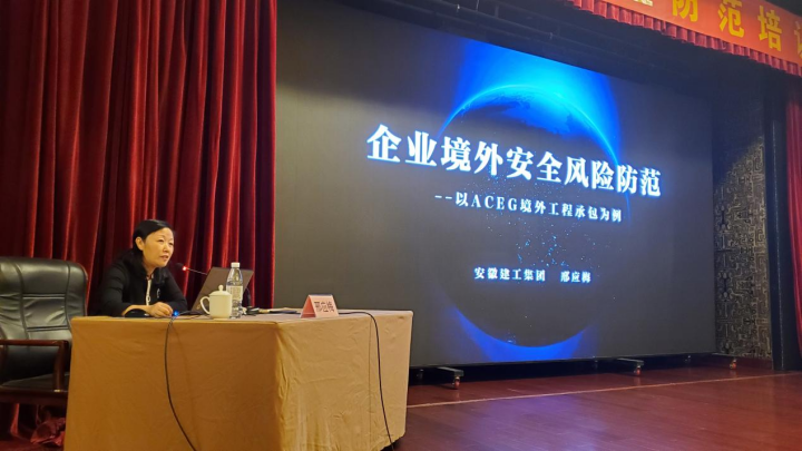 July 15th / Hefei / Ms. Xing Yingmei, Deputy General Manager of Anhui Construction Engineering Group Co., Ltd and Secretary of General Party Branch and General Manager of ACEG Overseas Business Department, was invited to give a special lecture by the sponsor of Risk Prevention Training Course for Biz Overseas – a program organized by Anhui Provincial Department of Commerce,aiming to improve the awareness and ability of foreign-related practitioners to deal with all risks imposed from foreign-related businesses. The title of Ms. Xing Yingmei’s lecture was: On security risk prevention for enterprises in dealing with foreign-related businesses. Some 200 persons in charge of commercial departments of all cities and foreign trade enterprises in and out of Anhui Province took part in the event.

====

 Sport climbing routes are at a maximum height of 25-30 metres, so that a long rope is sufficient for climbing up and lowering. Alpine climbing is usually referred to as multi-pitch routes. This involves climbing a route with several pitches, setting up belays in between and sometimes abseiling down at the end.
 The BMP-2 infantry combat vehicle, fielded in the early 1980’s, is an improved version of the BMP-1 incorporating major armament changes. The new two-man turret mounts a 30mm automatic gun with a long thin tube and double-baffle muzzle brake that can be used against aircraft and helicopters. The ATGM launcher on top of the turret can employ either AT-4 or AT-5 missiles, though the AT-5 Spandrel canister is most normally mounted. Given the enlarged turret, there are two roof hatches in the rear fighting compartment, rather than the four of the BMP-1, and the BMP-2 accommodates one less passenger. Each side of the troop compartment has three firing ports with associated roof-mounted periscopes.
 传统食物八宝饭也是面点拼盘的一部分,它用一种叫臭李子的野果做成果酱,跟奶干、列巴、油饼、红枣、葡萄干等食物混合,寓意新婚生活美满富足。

====

◆ **Work request**
Print only what lies in the material above starting at the line with "Sport climbing routes" and ending at the line with "传统食物八宝饭也是面点拼盘的", every line exactly as given.

◆ **Written answer**
 Sport climbing routes are at a maximum height of 25-30 metres, so that a long rope is sufficient for climbing up and lowering. Alpine climbing is usually referred to as multi-pitch routes. This involves climbing a route with several pitches, setting up belays in between and sometimes abseiling down at the end.
 The BMP-2 infantry combat vehicle, fielded in the early 1980’s, is an improved version of the BMP-1 incorporating major armament changes. The new two-man turret mounts a 30mm automatic gun with a long thin tube and double-baffle muzzle brake that can be used against aircraft and helicopters. The ATGM launcher on top of the turret can employ either AT-4 or AT-5 missiles, though the AT-5 Spandrel canister is most normally mounted. Given the enlarged turret, there are two roof hatches in the rear fighting compartment, rather than the four of the BMP-1, and the BMP-2 accommodates one less passenger. Each side of the troop compartment has three firing ports with associated roof-mounted periscopes.
 传统食物八宝饭也是面点拼盘的一部分,它用一种叫臭李子的野果做成果酱,跟奶干、列巴、油饼、红枣、葡萄干等食物混合,寓意新婚生活美满富足。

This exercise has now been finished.